Quantum entanglement of localized excited states at finite temperature
Pawel Caputa (Nordita, KTH Royal Institute of Technology and Stockholm University, Roslagstullsbacken 23, SE-106 91, Stockholm, Sweden, Yukawa Institute for Theoretical Physics (YITP), Kyoto University, Kyoto, 606-8502, Japan); Joan Simón (School of Mathematics and Maxwell Institute for Mathematical Sciences, University of Edinburgh, King’s Buildings, Edinburgh, EH9 3FD, U.K.); Andrius Štikonas (School of Mathematics and Maxwell Institute for Mathematical Sciences, University of Edinburgh, King’s Buildings, Edinburgh, EH9 3FD, U.K.); Tadashi Takayanagi (Yukawa Institute for Theoretical Physics (YITP), Kyoto University, Kyoto, 606-8502, Japan, Kavli Institute for the Physics and Mathematics of the Universe (Kavli IPMU), University of Tokyo, Kashiwa, Chiba, 277-8582, Japan)
In this work we study the time evolutions of (Renyi) entanglement entropy of locally excited states in two dimensional conformal field theories (CFTs) at finite temperature.

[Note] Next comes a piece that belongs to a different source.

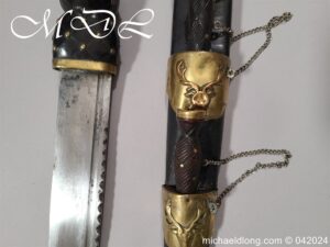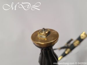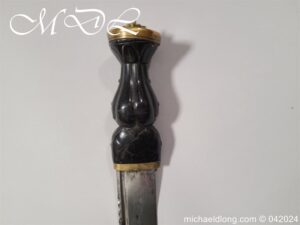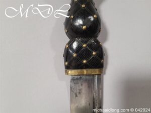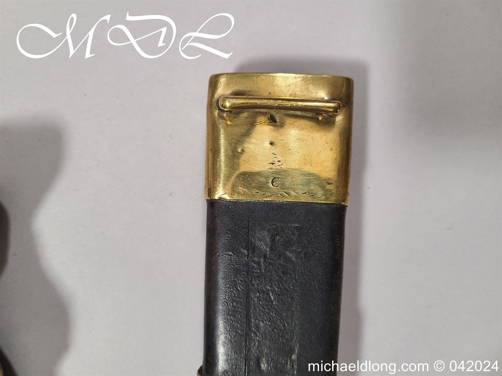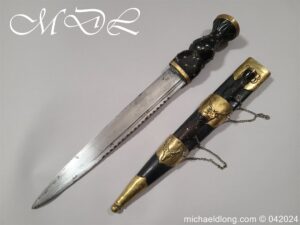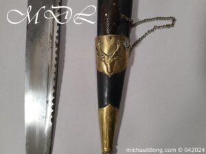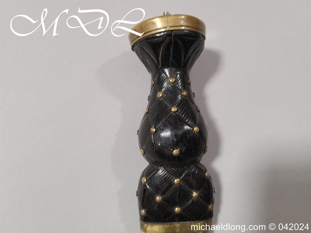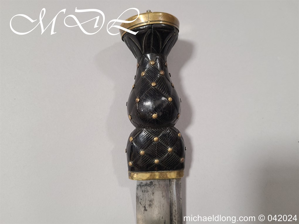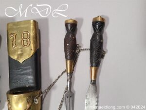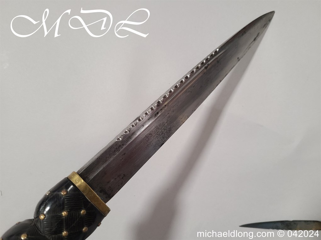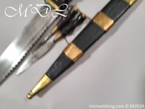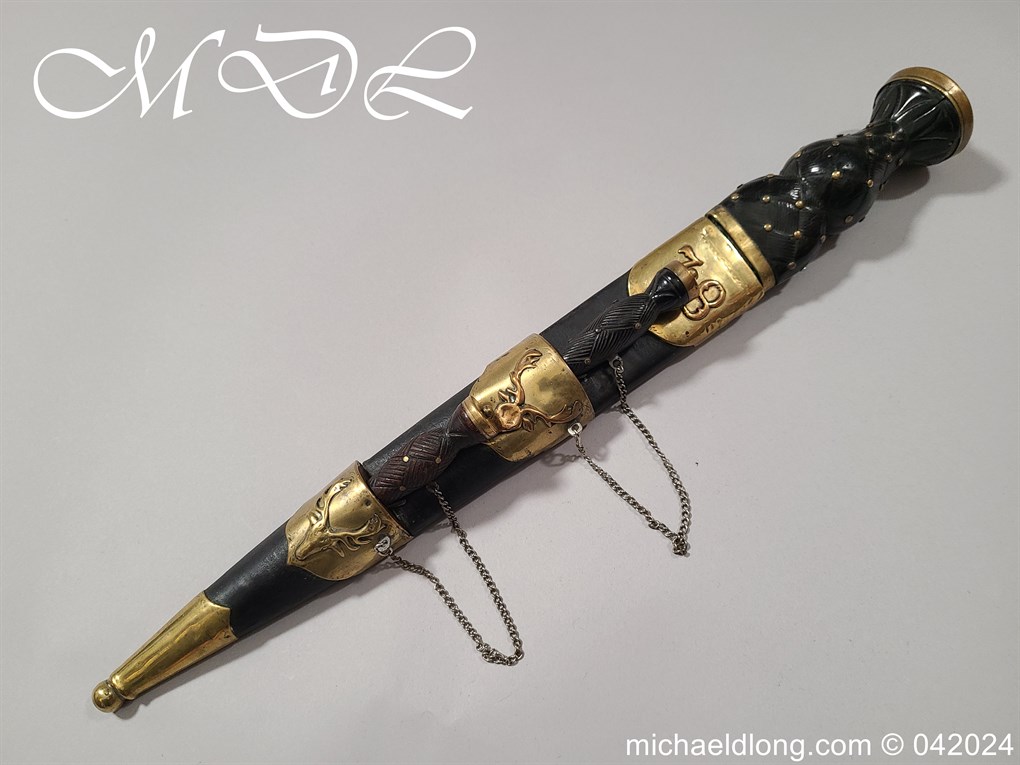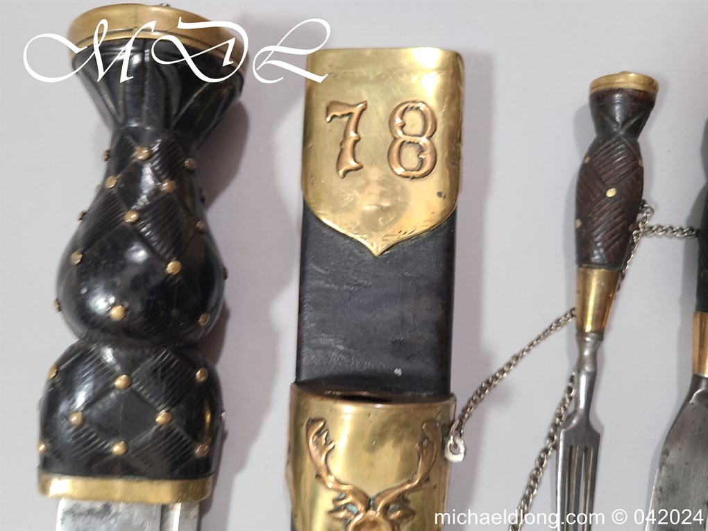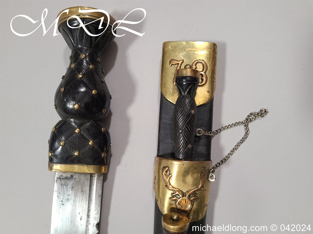 Scottish 78th Regiment of Highlander The Ross Shire Buffs rare Pipers Dirk circa 1810 Bog oak brass studded hilt with matching brass pommel. The blade of standard form with notched spine and 26.5cm in length. Brass mounted leather scabbard with 78th to the top fitting the reverse stamped with number 6. The two lower middle fittings containing the chained knife and fork, note chains look to be replacements both mounted with stag heads, overall length 40cm

We consider excited states created by acting with local operators on thermal states and give both field theoretic and holographic calculations. In free field CFTs, we find that the growth of Renyi entanglement entropy at finite temperature is reduced compared to the zero temperature result by a small quantity proportional to the width of the localized excitations. On the other hand, in finite temperature CFTs with classical gravity duals, we find that the entanglement entropy approaches a characteristic value at late time. This behaviour does not occur at zero temperature. We also study the mutual information between the two CFTs in the thermofield double (TFD) formulation and give physical interpretations of our results.